There will be people who are pretending to be attached for whatever reasons. I guess like the cliched single hetero man who slips on a wedding ring thinking this will increase his chances.

There will be non-monogamous people using the website with their partners’ consent. Largely because of the stigma attached to non-monogamy and the anonymity AM was supposed to provide would be some barrier against these people losing families, jobs, custody of children etc if they were “found out”.

There will be people using AM who cannot date openly. For example, countries where they are not expected to date at all.

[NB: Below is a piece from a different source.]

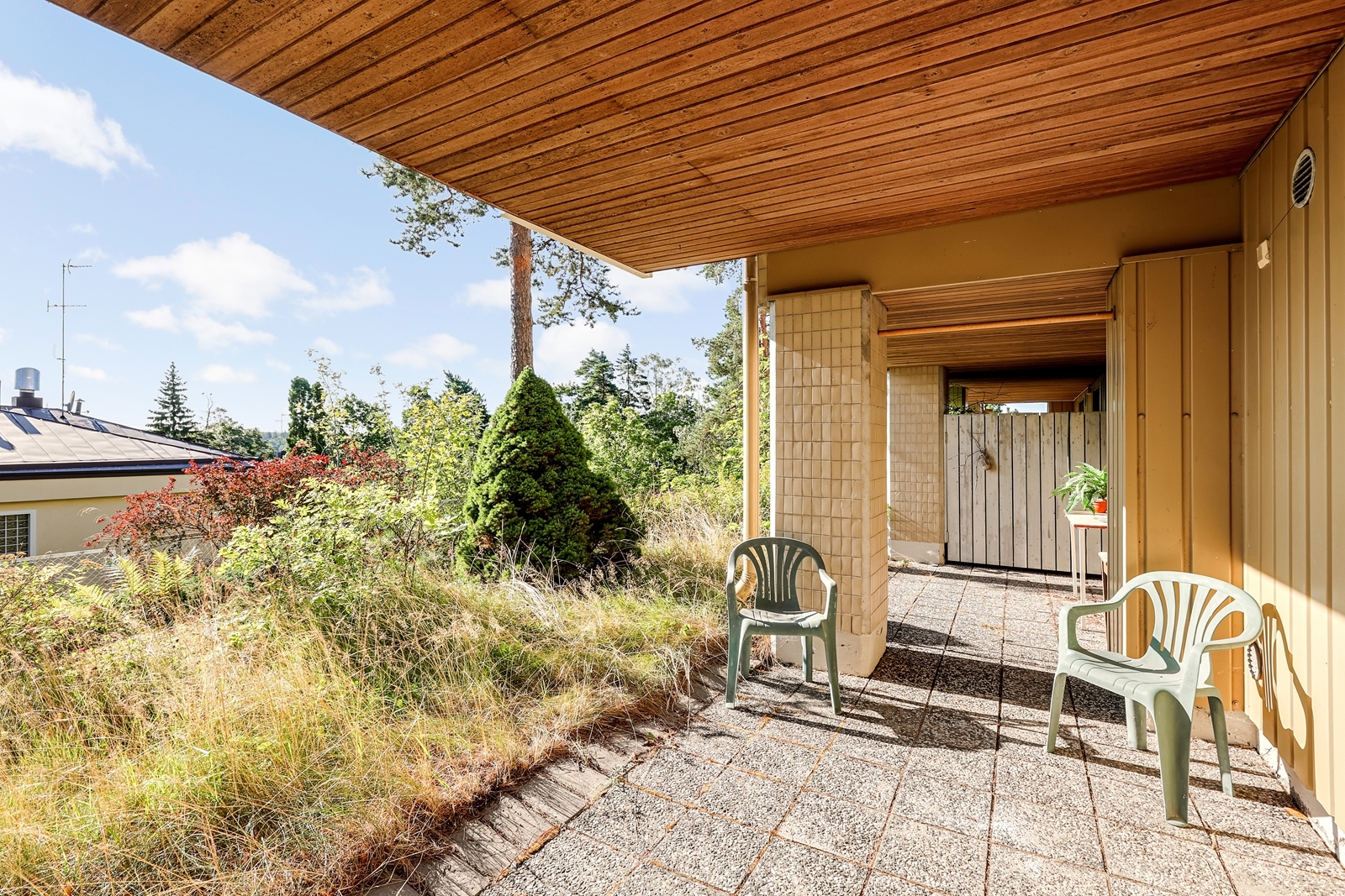 Alakerrassa on takkahuone, josta pääset vilvoittelemaan saunan jälkeen laatoitetulle terassille. Saunaosasto, erillinen wc, kodinhoitohuone ja kaksi vaatehuonetta on myös tässä kerroksessa. Jos tuntuu, että alakerran laatoitettu terassi ei riitä kesäiseen oleskeluun, niin taloyhtiöltä voi vuokrata piha-aluetta omaan käyttöön.
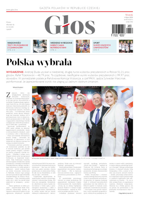 Opis: "Głos" - wcześniej "Głos Ludu". W podtytule: "Gazeta Polaków w Republice Czeskiej". "Głos" jest finansowany ze środków Ministerstwa Kultury RC, Ministerstwa Spraw Zagranicznych RP, Konsulatu Generalnego RP w Ostrawie, a także z Kancelarii Prezesa Rady Ministrów za pośrednictwem Fundacji "Pomoc Polakom na Wschodzie" i Stowarzyszenia "Wspólnota Polska".

It’s also important to remember that even in monogamous relationships, not all secret extra-marital affairs are unethical. Not all relationships are equal. There are abusive relationships, where I hope readers don’t think the victim owes their abuser some monogamous loyalty. Abuse is not an either-or but a scale. As Dan Savage aptly quotes here, “the victim of an affair is not always the victim of the marriage.”

There will be people who wanted to cheat but hadn’t actually done it. Which is probably a lot since the AM business model essentially is a scam.

Then there are remaining people who you may consider “dirty cheaters”: those in monogamous, equitable relationships who wanted to break the rules of the relationship and did. Even when they’re hypocritical “family values” pieces of shit like Josh Duggar they still deserve privacy and the glee with which some people have reacted to their exposure is disturbing. It’s not just about the information that they had an AM account, it’s the specific kinks they’ve added to their profile that are now the topic of discussion. Somewhere out there, someone thinks what you’re doing is also horribly immoral.

There have been many data visualisations (eg. top cheating suburbs in Sydney and Melbourne). While a bit disturbing I guess it’s not as much of the problem since it’s anonymised data. More damaging are the services that let you look up individual email addresses, or even your entire Gmail address book. People won’t be able to help themselves which is why I think the creators of such services would be partially responsible for any actual lives lost.

Lousy Canuck also has a useful take that “it’s interesting that this might be the first time where MEN are being targeted generally for revenge for sexual indiscretions, and that these indiscretions are actually far more indiscrete than taking nude selfies to share with consenting adults”.

 

The hackers’ purported motive is to bring down AM because they believe their business model is a scam, they scam their customers (by charging a $19 deletion fee which is not foolproof deletion) and because they allege it’s used by human traffickers. It’s this high-minded talk that’s also pretty offensive. They’re “rescuing” people from AM’s deceptive practices by in some cases ruining lives. The claim that AM is at fault because they didn’t shut down as per the demands is particularly reminiscent of abuser behaviour. But what gets me the most is that they’re congratulating themselves on being some crusaders for justice, all the while being oblivious or worse about the effects of their actions on the most marginalised members. (It’s about ethics in cheating website journalism.)

It’s a very white-cishet-male-Libertarian thing to do.